Table 2. Seasonal incidence rates for general practitioner (GP) diagnoses, hospitalisations and deaths per 100 000 population, averaged across all age groups, 2010/2011–2019/2020

95% confidence intervals (in parentheses) derived from Quasi-Poisson model. Hospitalisation and death data were only available for 2010/2011–2018/2019 influenza seasons.

a Data on predominant circulating strains were sourced from: Public Health England, Annual flu reports (2021) (available at https://www.gov.uk/government/statistics/annual-flu-reports).

Incidence rate ratios in risk conditions vs. no risk conditions

Individuals with any risk condition had consistently higher influenza and P&I IRs across all age groups compared to individuals with no risk conditions (Fig. 2).

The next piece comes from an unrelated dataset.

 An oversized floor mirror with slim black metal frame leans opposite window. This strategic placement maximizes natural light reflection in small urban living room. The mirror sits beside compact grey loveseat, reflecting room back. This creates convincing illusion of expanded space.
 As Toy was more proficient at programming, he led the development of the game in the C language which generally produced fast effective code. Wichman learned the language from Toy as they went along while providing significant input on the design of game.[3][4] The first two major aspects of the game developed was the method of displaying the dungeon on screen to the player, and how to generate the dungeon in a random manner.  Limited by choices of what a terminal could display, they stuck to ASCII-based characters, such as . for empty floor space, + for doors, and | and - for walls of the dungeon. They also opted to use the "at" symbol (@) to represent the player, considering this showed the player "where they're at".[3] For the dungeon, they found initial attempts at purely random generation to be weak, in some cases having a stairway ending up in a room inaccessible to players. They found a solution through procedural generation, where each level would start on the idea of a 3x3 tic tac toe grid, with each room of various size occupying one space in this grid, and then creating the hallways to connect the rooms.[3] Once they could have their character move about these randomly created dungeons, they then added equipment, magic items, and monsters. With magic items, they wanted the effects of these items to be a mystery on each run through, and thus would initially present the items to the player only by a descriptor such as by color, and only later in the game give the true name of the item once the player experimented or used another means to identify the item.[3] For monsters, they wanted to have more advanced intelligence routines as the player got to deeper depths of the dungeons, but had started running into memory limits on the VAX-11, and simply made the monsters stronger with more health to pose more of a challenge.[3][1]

Influenza GP diagnosis IRRs comparing rates in those with risk conditions vs. those without ranged from 1.9 (1.2–2.9) among 18–34-year-olds to 2.6 (1.5–5.2) among individuals ≥75 years of age. Influenza hospitalisation IRRs were highest among individuals 65–74 years of age (5.8, 2.0–22.8) and 50–64 years of age (5.0, 2.4–11.7). The increased IR of P&I GP diagnoses and hospitalisation was also highest among 65–74-year-olds (3.4, 2.8–4; and 5.8, 4.7–7.4, respectively) and 50–64-year-olds (2.9, 2.9–3.3; and 5.4, 4.6–6.4).

Fig. 2. Seasonal average influenza and ‘pneumonia & influenza’ (P&I) general practitioner (GP) diagnosis and hospitalisation incidence rates per 100 000 population and incidence rate ratios (bolded values below x-axis, with 95% CIs), stratified by risk status and age group. Note: Yellow lines represent incidence rate 95% confidence intervals (CIs).

Influenza GP diagnosis and hospitalisation IRRs for individual risk conditions were >1 across all age groups (Fig. 3). Influenza hospitalisation IRRs were ~2-fold larger than GP diagnosis IRRs, with a similar age pattern. The P&I GP diagnosis and hospitalisations IRRs followed similar trends to influenza IRRs but were ~1–4-fold larger. Across all categories, the IRRs for asthma and immunocompromised individuals increased with age whereas the IRRs for cardiovascular, kidney and respiratory disorders decreased with age.

Fig. 3. Influenza and ‘pneumonia & influenza’ (P&I) incidence rate ratios for general practitioner (GP) diagnoses and hospitalisations by specific risk condition vs. no risk condition (reference group), stratified by age group. yrs, years; any, any risk condition. Blood disorders, liver disorders and neurological disorders were excluded because they occur in ~<1% of the study population. Y-axis scale was reduced to improve readability. The full figure is available in the Supplementary Figure S2.

Discussion

Using nationally representative databases, we described influenza- and pneumonia- diagnosed medical events in the adult population in England across the 2010/2011–2019/2020 influenza seasons, stratified by clinical risk groups and age. We observed an increase in the incidence of events with age, with the highest rates in adults ≥75 years old and in people with one or more risk conditions, reinforcing the importance of the existing policy recommendations to vaccinate these groups.

Exploring the interaction between age and the presence of risk conditions revealed additional nuances to these relationships. For example, the impact of a risk condition was higher for adults in the 50–64- and 65–74-year-old age groups than in those ≥75 years of age. This is possibly because of higher underlying rates of disease in the oldest adults – who may suffer from frailty or other risk factors for medically attended disease – irrespective of the presence of the risk conditions identified in our study. While influenza vaccination rates among the at-risk 65–74-year-olds (76.9%) and ≥75 age group (82.9%) were aligned with WHO targets to vaccinate 75% of those at highest risk [Reference Jorgensen20], fewer than half of at-risk 50–64-year-olds were vaccinated each year. Approximately 35% of 50–64-year-olds had at least one risk condition, the presence of which was associated with ~5-fold elevated hospitalisation risk in this age group.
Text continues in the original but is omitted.